Nicholas siempre ha creído que la vida es mejor cuando nadie interfiere en su espacio personal. Sarcástico, irritante y con poca paciencia para la lentitud, su rutina es eficiente y sin sorpresas. Pero todo cambia cuando Carol se convierte en su vecina de al lado. Ella es todo lo que él detesta: amable, optimista, espiritual... y ruidosa. Desde el primer "¡Hola, universo!" que escucha al amanecer, Nicholas sabe que su vida tranquila se ha complicado.
Carol, con su sonrisa encantadora y actitud despreocupada, intenta hacer amistad llevándole una tarta de manzana como gesto de bienvenida. Nicholas, sin embargo, la recibe con escepticismo y sarcasmo, incapaz de entender cómo alguien puede ser tan positivo todo el tiempo. Las charlas y risas de Carol, incluso cuando está sola al otro lado de la pared, lo irritan y lo mantienen despierto por las noches.
Él, que odia las interrupciones, ve cómo su paz se desmorona con cada visita espontánea de Carol y sus propuestas aparentemente sin sentido. Ella, por otro lado, parece inmune a sus comentarios mordaces y sigue empujando sus límites, con una calma que desafía la lógica de Nicholas. Entre conversaciones incómodas, encuentros inesperados y chispas inevitables, Nicholas empieza a darse cuenta de que, a pesar de sus constantes quejas, Carol trae algo de vida a su existencia meticulosamente ordenada.
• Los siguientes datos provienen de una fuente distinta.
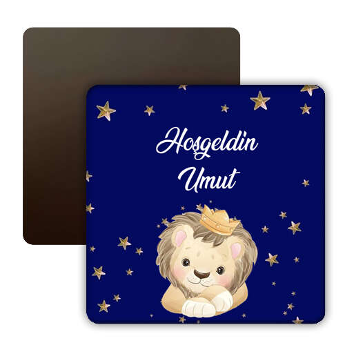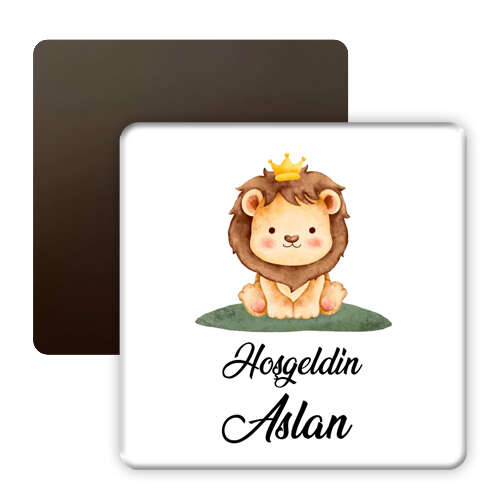 Hoş Geldin Bebek - Aslan Temalı - Kare - Magnet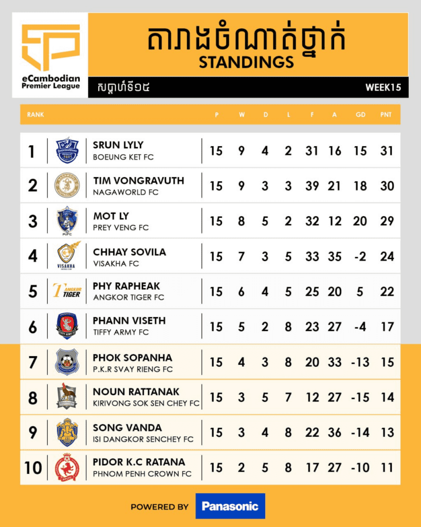 ការប្រកួតកីឡាអេឡិចត្រូនិច E-Cambodian Premier League 2023-24 បានបញ្ជប់ការប្រកួតសប្តាហ៍ទី១៥ ហើយកាលពីថ្ងៃទី២២ ខែឆ្នូ ឆ្នាំ២០២៣ កន្លងទៅ ក្នុងនោះឃើញថាកីឡាករ ស្រ៊ុន លីលី តំំំណាងបឹងកេត បន្តឡើងឈរកំពូលតារាង ក្រោយយកឈ្នះលើកីឡាករ ផាន់ វិសិទ្ធ ដោយលទ្ធផល ៣-២ តាមពីក្រោយដោយកីឡាករ ទឹម វង្សរ៉ាវុធ តំណាងណាហ្គាវើលដ៍ មាន៣០ពិន្ទុក្នុងដៃ ឈរនៅលេខ២។

Lo que comenzó como una lucha silenciosa entre su sarcasmo y la energía positiva de Carol, poco a poco se convierte en una convivencia extraña y divertida. Nicholas se debate entre mantener sus barreras y dejarse llevar por el caos que Carol trae consigo. Ella, mientras tanto, parece empeñada en demostrarle que la vida no tiene que ser tan seria y que un poco de locura puede ser justo lo que él necesita.